# Jacks and more Jacks



## Capt. Delynn (Oct 4, 2007)

I had a last minute cancelation due to boat problems for Saturday. So, what should I do on my day off. Take the family and go fishing of course. Their boat is in the Destin Fishing Rodeo so we wanted to target big fish. We decided to fish for amberjacks and make one grouper stop. Well Mr. grouper was home but we were not man enough to pull him. He kicked our butts and has some cool jewelry he can show his girl friends. On to jacks. Decided not to keep anything under 50 and it all worked out for a change. Biggest went 77 lbs, smallest one was 50 and some change. Got some nice fish but we all know the fish story. The one that got away. Connie Jo(my wonderful wife) had the man on. But he will live to fight another day. Once more we picked a fight with a better FISH than we are. There was simply no stopping this fish. He man handled us like like little girls. Connie Jo, myself, and Carter did everything we could and then some but it was not meant to be. When it was over, I was laughing but I was the only one. It was a tense, emotional moment on the boat.There was a little cute blonde that was ready to drop dynamite to kill every fish on the place. Can I just say, She was not laughing with me. She was right on the edge of saying some very colorfulful words. I love you honey, keep your chin up, don't let it get you down, it will happen, I Promise. She wants a giant jack and I have a tall order to fill. By the end on the day, we held our heads high and thanked God for our bounty. But, the memory of the battle will always be in our heads. Maybe next time will be his day to come home with us. Who knows whats in the future, thats why we keep going back. Enjoy your time on the water with family and friends and remember each day. It could be our last. Enjoy the pictures. 

Captain Delynn Sigler
Offshore/Deepsea Fishing Guide
(850)689-3133 Hm/Office
(850)758-2165 Cell


----------



## MrFish (Aug 21, 2009)

That's an awesome day, Capt.!!


----------



## Aquahollic (Sep 24, 2009)

I cant believe that is only 77 lbs. It looks larger than that.


----------



## Capt. Delynn (Oct 4, 2007)

Yeah, 77 is it. Kais was the luck or unlucky one to catch that one. We would all be amazed at what some of those fish weight if we put them on a scale. Thats why I say NEVER WEIGHT THEM, They stop growing then!!!!!!! :thumbup: The one that Connie Jo and I are holding is 53 and some change. I wish we had taken pictures on the boat. They always look WAY bigger when you just pulled them out of the water.


----------



## wackydaddy (Jul 24, 2009)

Never cease to impress! When I get the time and enough people to chip in I'm booking you, you know it!


----------



## DAWGONIT (Jan 16, 2009)

Nice haul. Fish fry!!


----------



## Gamefish27 (Nov 13, 2009)

Capt. Delynn said:


> Yeah, 77 is it. Kais was the luck or unlucky one to catch that one. We would all be amazed at what some of those fish weight if we put them on a scale. Thats why I say NEVER WEIGHT THEM, They stop growing then!!!!!!! :thumbup: The one that Connie Jo and I are holding is 53 and some change. I wish we had taken pictures on the boat. They always look WAY bigger when you just pulled them out of the water.

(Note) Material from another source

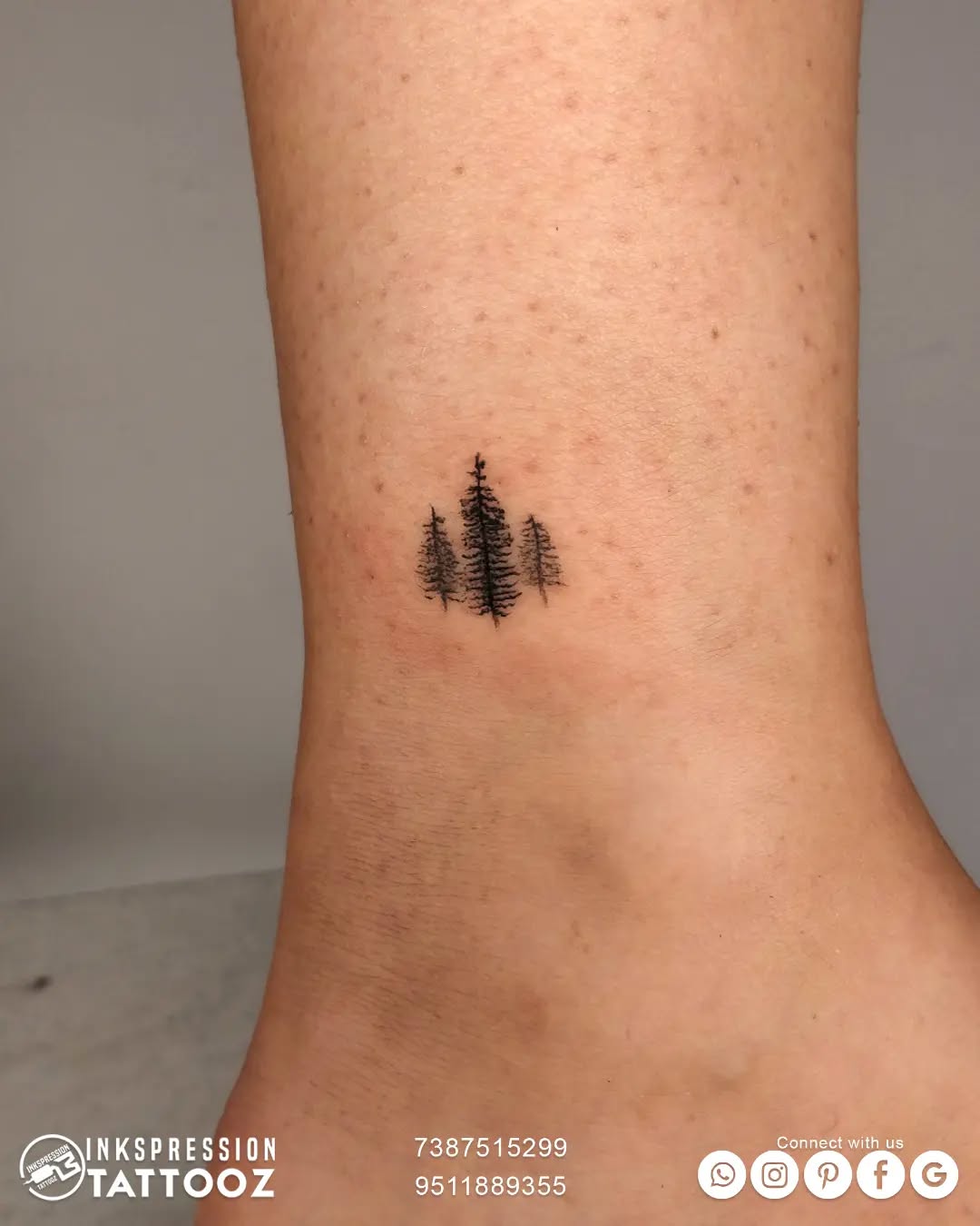 This delicate tattoo depicts three pine trees of varying sizes inked in fine black lines. The design is minimal yet expressive, emphasizing balance and simplicity. Placed on the ankle, it remains subtle and stylish, making it perfect for everyday wear.

Thanks for not weighing in the Second AJ:thumbsup:..... and thanks for letting me weight in before you as I held 1st in AJ's for all of 2 mins. lol ..


----------



## cobe killer (Apr 13, 2008)

thats some back wrenching jacks for sure delynn!!!!! good fish anytime,anywhere!


----------



## Eastern Tackle (Jul 6, 2009)

Capt. Delynn said:


> Yeah, 77 is it.


Thats my lucky number :thumbsup: 7's and 4's.


----------



## Cape_Horn_24 (Feb 8, 2010)

Nice haul of fish capt!! I was the CH24 that launched at the same time you did on Saturday morning. It was nice meeting you and I will be contacting you when we have some extra $....:thumbsup:


----------



## GIBBS29REG (Jun 21, 2011)

The fish out there are ready for deer season.
No mercy Capt!!


----------



## Capt. Delynn (Oct 4, 2007)

Thanks guys, I have to give my credit to a great crew. They fished their butts off and worked really hard to get a big one. 

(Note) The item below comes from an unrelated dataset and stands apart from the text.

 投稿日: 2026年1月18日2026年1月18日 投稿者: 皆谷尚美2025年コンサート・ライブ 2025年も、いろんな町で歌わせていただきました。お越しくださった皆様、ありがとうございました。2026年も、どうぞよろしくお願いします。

Cape Horn 24 very nice to meet you Sat. morning. Hope you guys crushed them. Very nice boat and great crew you had there.


----------



## Cape_Horn_24 (Feb 8, 2010)

Capt. Delynn said:


> Cape Horn 24 very nice to meet you Sat. morning. Hope you guys crushed them. Very nice boat and great crew you had there.

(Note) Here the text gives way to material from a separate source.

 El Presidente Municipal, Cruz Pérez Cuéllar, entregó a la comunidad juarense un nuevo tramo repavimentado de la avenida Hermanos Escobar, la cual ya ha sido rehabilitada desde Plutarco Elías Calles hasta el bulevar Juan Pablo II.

Thanks, and yes we had a great time and a great crew!! :thumbup:


----------



## lobsterman (Sep 30, 2007)

Goodnight Lucille, now thats some reef donkeys. Great reward for a days work.
What size boat do you have?


----------



## Captain Jake Adams (Oct 3, 2007)

Heck yeah, that's what I'm talking about!


----------



## Deckhand Deputy (Jul 31, 2012)

Great Job again Capt. I want you to know I sure was jealous watching y'all head off shore with the Big Guns in the rod holders and me stuck fishing in the bay.....


----------



## philthefish (Aug 10, 2009)

WOW. I don't know how the heck you find those beasts. I got a sounder full of (hand-me-down) numbers, satellite and bathymetry charts in hand, all the right gear and I have yet to find a keeper AJ in 6 months - despite many, many 125 mile round trip runs. Impressive indeed! 

I sure wouldn't want to meet that big one in a dark alley...


----------